(Data items)
=== Begin Enclosure ===
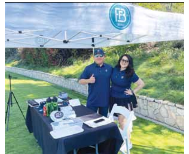
Tee Sponsor FFB Bank
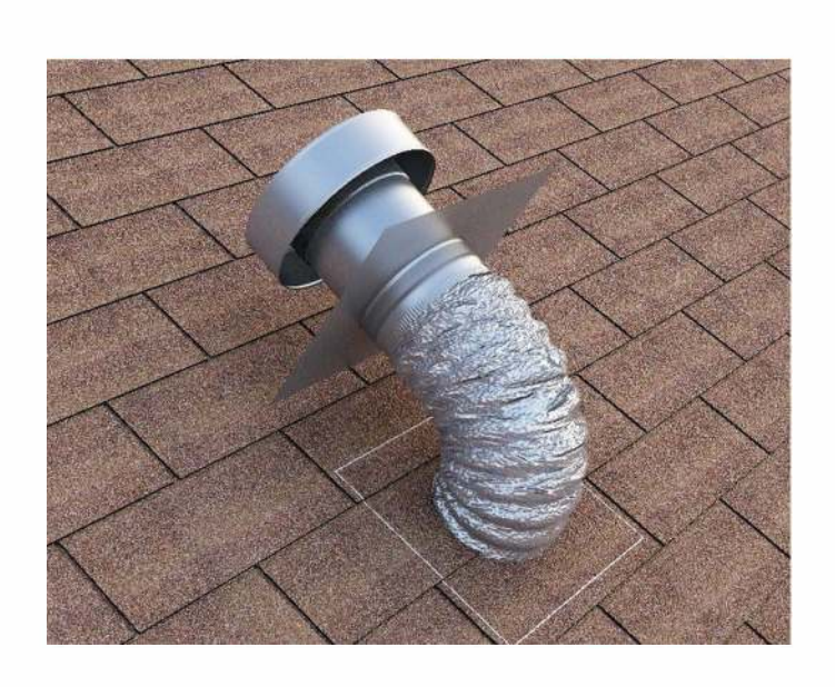
Step 6: Insert the bottom of the Tail Pipe to the flex duct.
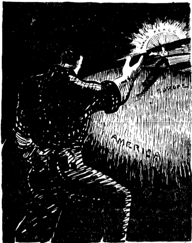
One Big Union
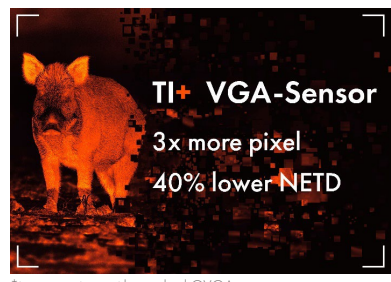
*in comparison with standard QVGA sensors

The new TI+ models are equipped with latest generation high-resolution 12\mu m VGA sensors. 3x more pixels* and 40% more sensitivity* (NETD <20 mK) produce a high-contrast image with unsurpassed detail recognition.
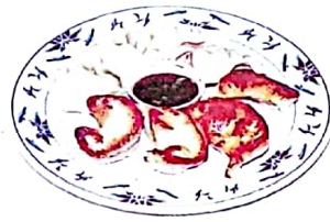
Fried or Steamed Dumplings
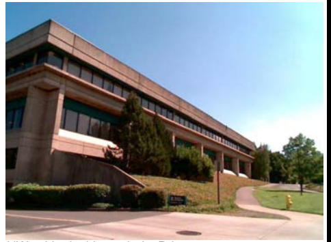
NW Vertical Irregularity Primary
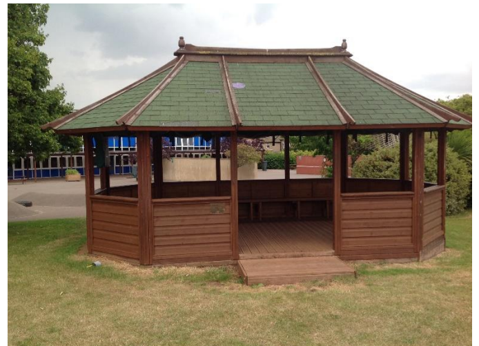
We can work and play in the Learning Lodge, which is at the edge of the field.
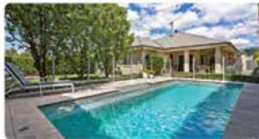
2 Boran Place
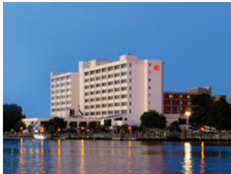
Hilton Wilmington Riverside Wilmington, NC
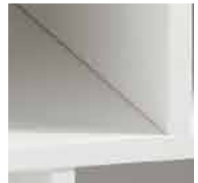
16" Deep Compartments
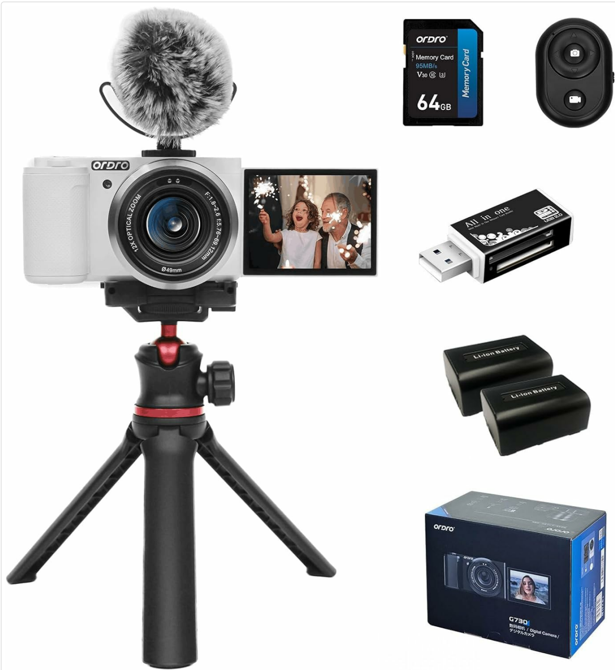
Figure 4.1: Front view of the ORDRO G730 Digital Camera, showing the lens and ORDRO branding.
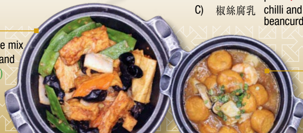
海鮮玉子豆腐煲 Braised mix seafood and silken egg tofu in hot pot £15.80

羅漢齋煲 "Monk" Chinese mix vegetable, tofu and glass noodle (V) £12.50
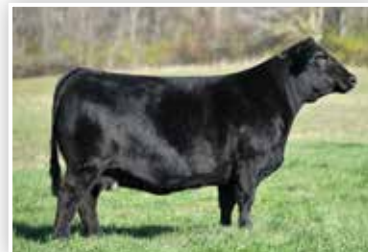
MISS TIME TO SHINE Y251
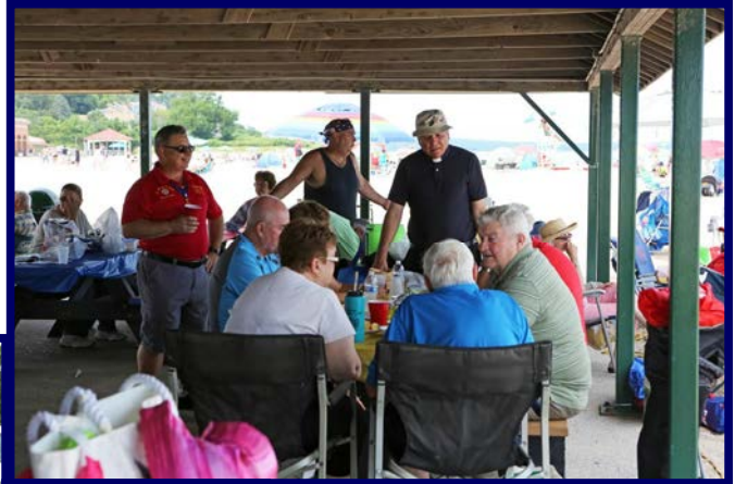
Below, the chefs take care of the business of the day.
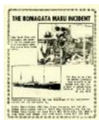
The Komagata Maru incident (2020_04_004_034)
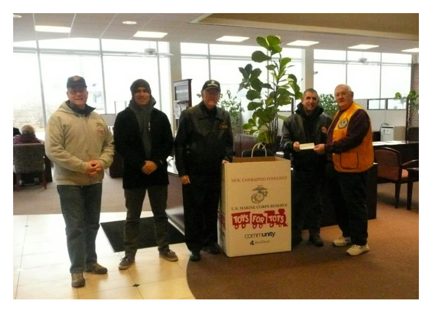
TOYS FOR TOTS PRESENTATION
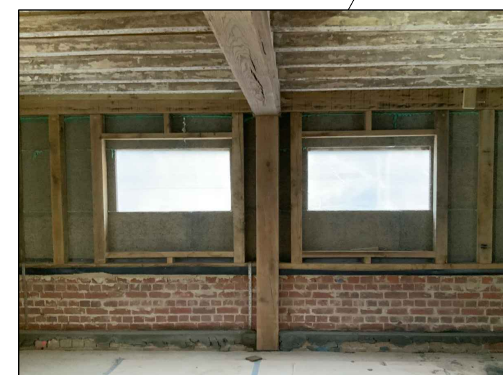
decayed softwood sole plate, renew in green oak, replacement green oak wall studing
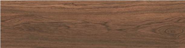
A002-03 NEW Natural Woodgrains - Chestnut
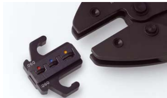
Catch for exchange of crimping dies
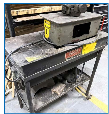
MORLIN PORTA PITTS 2400 24GA ROLL FORMER PARTIAL VIEW OF DEMAG & BUDGIT HOISTS
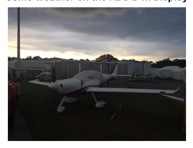
At the End of the Day

The next few pictures are just ones taken around the show. Always fun at Sun-N-Fun!
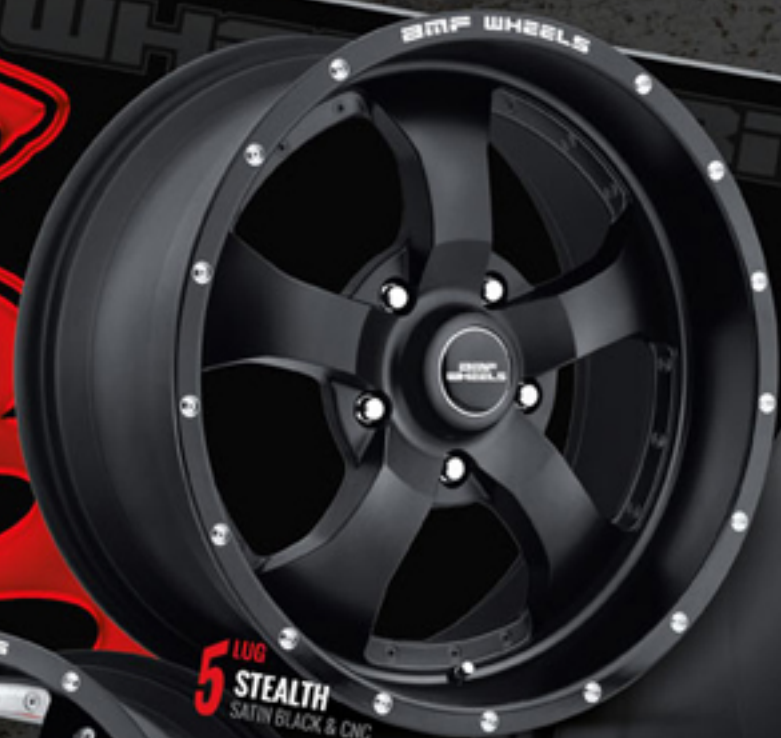
5 LUG STEALTH SATIN BLACK & CNC
=== End Enclosure ===
* [WHAT YOU SHOULD DO]
Each line from the one with "海鮮玉子豆腐煲 Braised mix" to the final line of the data above is to be printed exactly; no picture should appear in the copy.

* [ANSWER TO THIS PROBLEM]
海鮮玉子豆腐煲 Braised mix seafood and silken egg tofu in hot pot £15.80

羅漢齋煲 "Monk" Chinese mix vegetable, tofu and glass noodle (V) £12.50
MISS TIME TO SHINE Y251
Below, the chefs take care of the business of the day.
The Komagata Maru incident (2020_04_004_034)
TOYS FOR TOTS PRESENTATION
decayed softwood sole plate, renew in green oak, replacement green oak wall studing
A002-03 NEW Natural Woodgrains - Chestnut
Catch for exchange of crimping dies
MORLIN PORTA PITTS 2400 24GA ROLL FORMER PARTIAL VIEW OF DEMAG & BUDGIT HOISTS
At the End of the Day

The next few pictures are just ones taken around the show. Always fun at Sun-N-Fun!
5 LUG STEALTH SATIN BLACK & CNC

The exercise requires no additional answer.